— About this task —
Here is a listing, set out below; repeat its lines from the one with "A kovarianciamátrixot a" to the last, both included, and leave out the pictures.

— Supplied information —
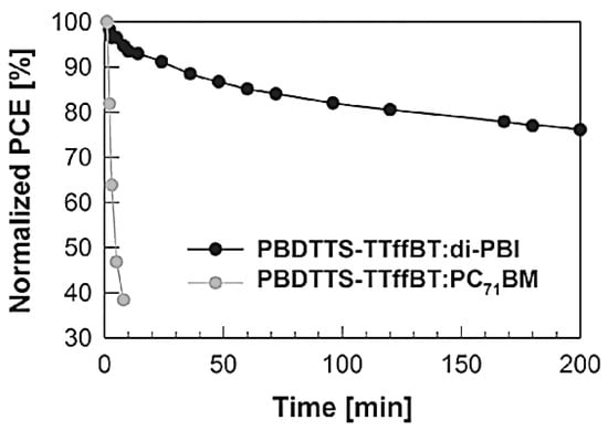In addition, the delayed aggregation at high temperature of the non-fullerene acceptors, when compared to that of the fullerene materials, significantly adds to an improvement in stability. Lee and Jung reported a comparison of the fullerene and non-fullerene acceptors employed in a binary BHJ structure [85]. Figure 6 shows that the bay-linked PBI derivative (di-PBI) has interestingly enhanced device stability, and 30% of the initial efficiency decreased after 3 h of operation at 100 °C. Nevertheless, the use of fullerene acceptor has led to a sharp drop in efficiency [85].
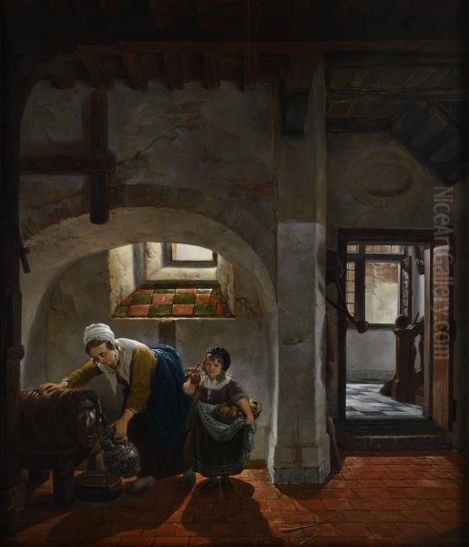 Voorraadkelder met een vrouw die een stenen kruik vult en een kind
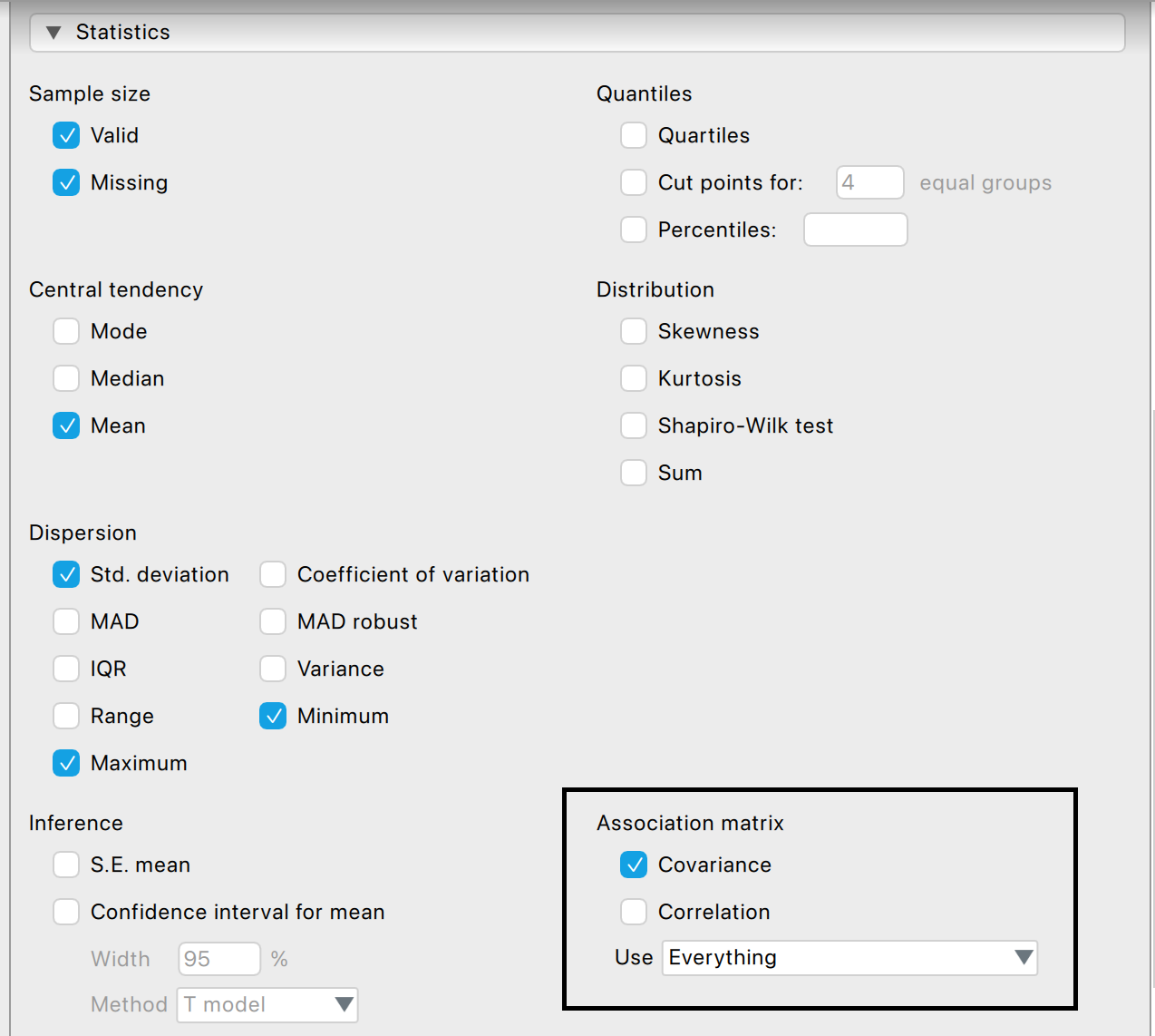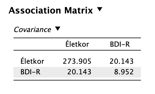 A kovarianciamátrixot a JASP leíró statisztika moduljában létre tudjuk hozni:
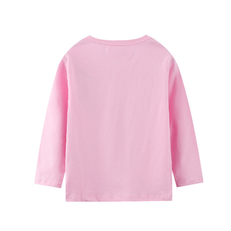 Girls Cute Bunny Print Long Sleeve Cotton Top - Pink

— Output for this exercise —
 A kovarianciamátrixot a JASP leíró statisztika moduljában létre tudjuk hozni:
 Girls Cute Bunny Print Long Sleeve Cotton Top - Pink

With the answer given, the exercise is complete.